Serialization: A week long struggle

Hello folks,

I have been away from my blog because there was nothing really to discuss. I was constantly trying to do some stuff and was constantly failing. But, after a week long struggle and some help I was able to get over this struggling period and now shifted to the next task in my task list.

So as a whole, this month was well spent learning new stuff, first unit tests and then serializers. Those who have worked with Django Rest Framework will get what I am trying to say in the post.

First things first, Why do we need serializers?

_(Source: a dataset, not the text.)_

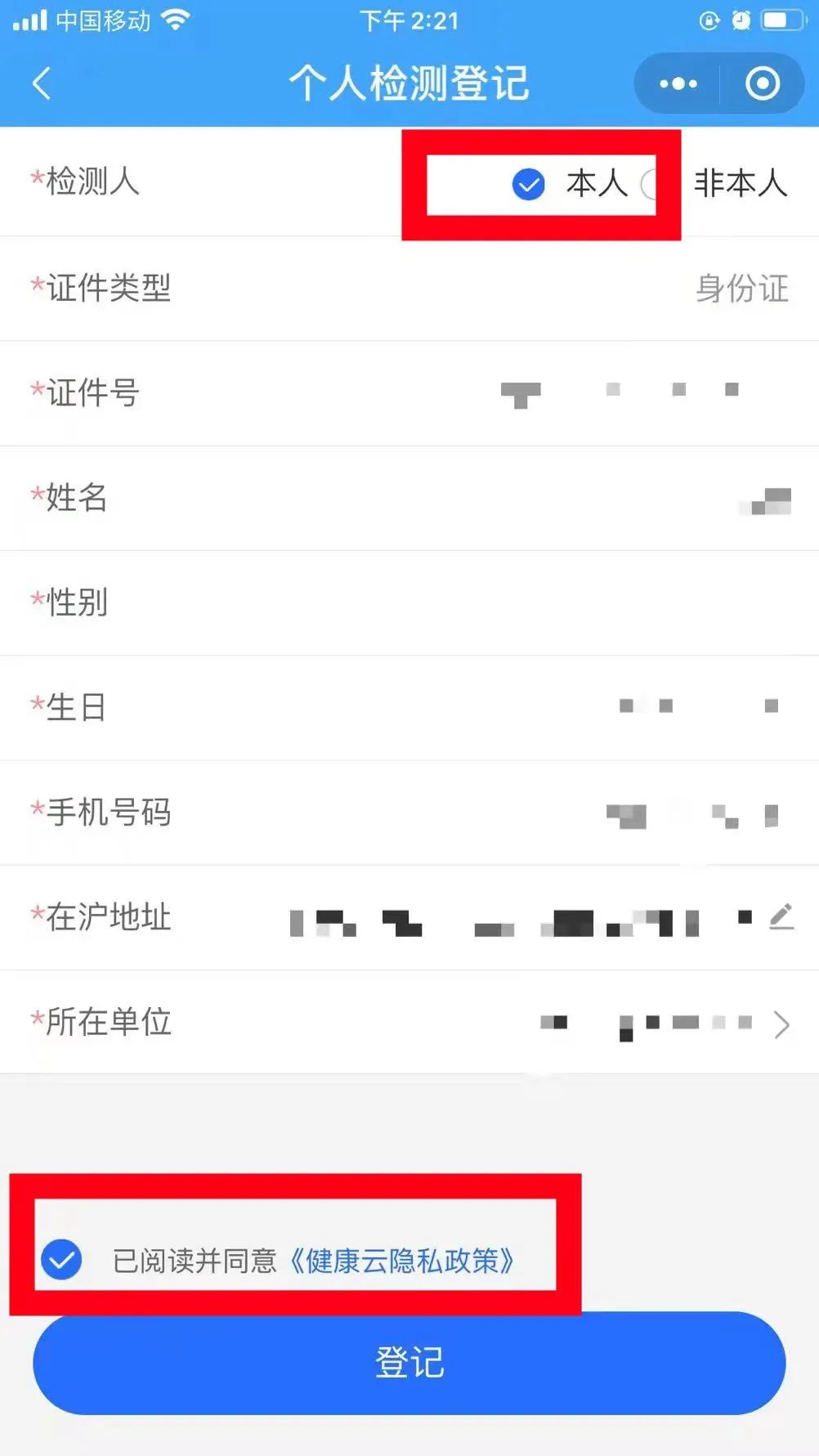 3如為家中老人、孩子預約登記,請選擇“非本人”,

To answer this question, we need to know why were the serializers created anyway.

According to some reliable sources like Wikipedia, serialization is the process by which we convert the data into such a format so that it can be transferred easily through the different layers of electronic components.

We know that our data is present in the models. We also know that we cannot ship that data easily to different formats through our models. So, we use the simple concept of serialization that converts the models’ data or any other data into JSON, XML or YAML format which can be easily transmitted over the network.

Easy, right?

Let’s dive in and see some code snippets.

class ScanInfo(models.Model):
    def __str__(self):
        return self.scan_type

    scan_types = (
        ('URL', 'URL'),
        ('Local Scan', 'localscan'),
    )

    scan_type = models.CharField(max_length=20, choices=scan_types, default='URL')
    is_complete = models.BooleanField()

class UserInfo(models.Model):
    def __str__(self):
        return self.user.username

    user = models.OneToOneField(settings.AUTH_USER_MODEL, on_delete=models.CASCADE)
    scan_info = models.ForeignKey(ScanInfo)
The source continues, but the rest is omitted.